AI Extended Thinking: When and How to Use It

Extended thinking lets AI models "reason" before answering — spending extra tokens on an internal chain-of-thought before producing the final response. Claude, GPT, and Gemini all support it now. But here's what most developers miss: extended thinking doesn't always help, and using it blindly can 3-5x your API costs with zero quality improvement.

This guide covers exactly when to enable extended thinking, when to skip it, and how to implement it through the API with real code you can run today.

What Extended Thinking Actually Does

When you enable extended thinking, the model generates a hidden reasoning trace before writing its visible response. Think of it like asking someone to show their work on a math problem instead of just blurting out an answer.

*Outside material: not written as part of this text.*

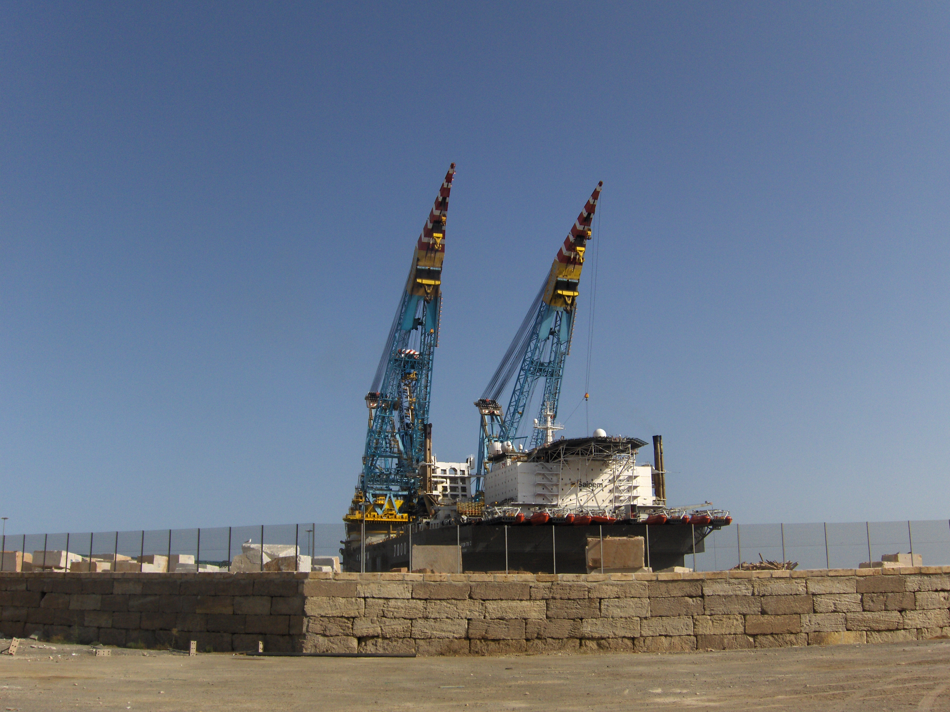 Side view of Saipem 7000 crane

Here's what happens under the hood:

You send your prompt with thinking enabled
The model generates thinking tokens — internal reasoning that you get billed for but may or may not see
The model writes the actual response using that reasoning as context

The key tradeoff: more tokens = higher cost and higher latency, but potentially better accuracy on complex tasks. The question is how much better, and whether it's worth it for your use case.

When Extended Thinking Makes a Real Difference

Decision framework — when to enable extended thinking vs when to skip it

Based on benchmarks and real-world testing, extended thinking shines in specific scenarios:

Multi-step math and logic problems

If your prompt involves calculations, proofs, or logic chains with 3+ steps, thinking mode prevents the model from "guessing" intermediate steps. On MATH benchmarks, Claude with extended thinking scores 15-20% higher than without.

Complex code generation

When you're asking for code that involves multiple interacting components — a function that parses data, validates it, transforms it, and handles edge cases — thinking mode helps the model plan the architecture before writing. Single-function tasks? Thinking mode adds cost without improving the output.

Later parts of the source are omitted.